A woman's voice is distracting to a man, R. Berman claims, but that has nothing to do with its sensuousness. If so, then why is a woman's voice more distracting than a man's voice or even someone loudly clapping? Why would the Gemara call it ervah if it did not have some sort of sexually related meaning? This claim, which is actually quite important for R. Berman's thesis, is entirely baseless and implausible. This, beside the point that he misunderstood the Franco-German position(s). (Cf. R. Henkin, p. 67)

VI. Misinterpreting the Ra'avad

R. Berman explains the Ra'avad's position as having the following three components:
1. A man may not hear a woman's speaking voice.
2. A man may not recite keri'as Shema while hearing his wife's singing voice or another woman's speaking voice.
3. A woman's speaking voice as an impediment to reciting Shema is limited to cases of unfamiliarity. If, however, the man is used to hearing this woman's speaking voice then he may recite Shema in earshot of her voice.

Inexplicably, R. Berman extends this limitation (#3) to a woman's singing voice (pp. 51-52). Quite the opposite. Barring evidence to the contrary, it entirely stands to reason that the Ra'avad is of the same view as his fellow Provencal scholar, R. Menahem Meiri. Indeed, after discussing Ra'avad's position at length, Meiri states explicitly that there is no limitation of familiarity to a woman's singing voice. (Cf. R. Henkin, p. 71)

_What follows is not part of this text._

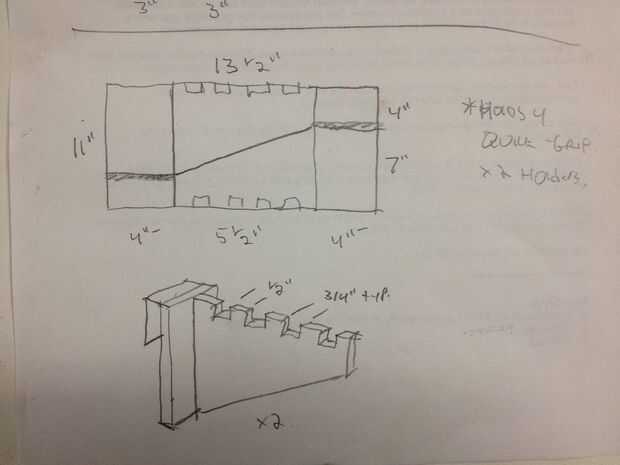La segunda imagen es un plan para dos parrillas coincidente de la abrazadera que sostiene hasta cuatro abrazaderas de sujeción rápida. Cometí un error de medición, que dio lugar a poder caber 6 apretones rápidos en lugar de cuatro.

With this misinterpretation removed, R. Berman's statement that "it is not at all clear that the Rabad would recognize the existence of a general bar to hearing the singing voice of a woman" (p. 52) can be entirely discarded.

VII. Misexplaining the Sefer Hassidim

R. Berman cited the extremely stringent view of R. Yehudah he-Hassid in his Sefer Hassidim that not only may a man not listen to a woman's voice, but a woman may not listen to a man's voice. The implication that a woman may also be sexually aroused by a man's voice, much like a man might be aroused by a woman's voice, seems clear even if quite unique in the halakhic literature. But R. Berman draws a different conclusion, "the fundamental concern is not the voice per se but the character of the social relationship which might result" (p. 53). This seems like quite a leap from the simple words of the Sefer Hassidim.

VIII. Denial of Sensuousness

Throughout the essay, R. Berman strives to remove the implied sensuousness of a woman's voice from the issue. Upon doing this, he can then limit the applicability of the prohibition of listening to a woman's voice. However, much of his analysis that leads to these similar interpretations are specious, such as in the case of R. Yehuda he-Hassid just mentioned. In other cases, such as with the Ra'avad and Ra'avyah, R. Berman's attempt to remove the sexual context is based on misinterpretation.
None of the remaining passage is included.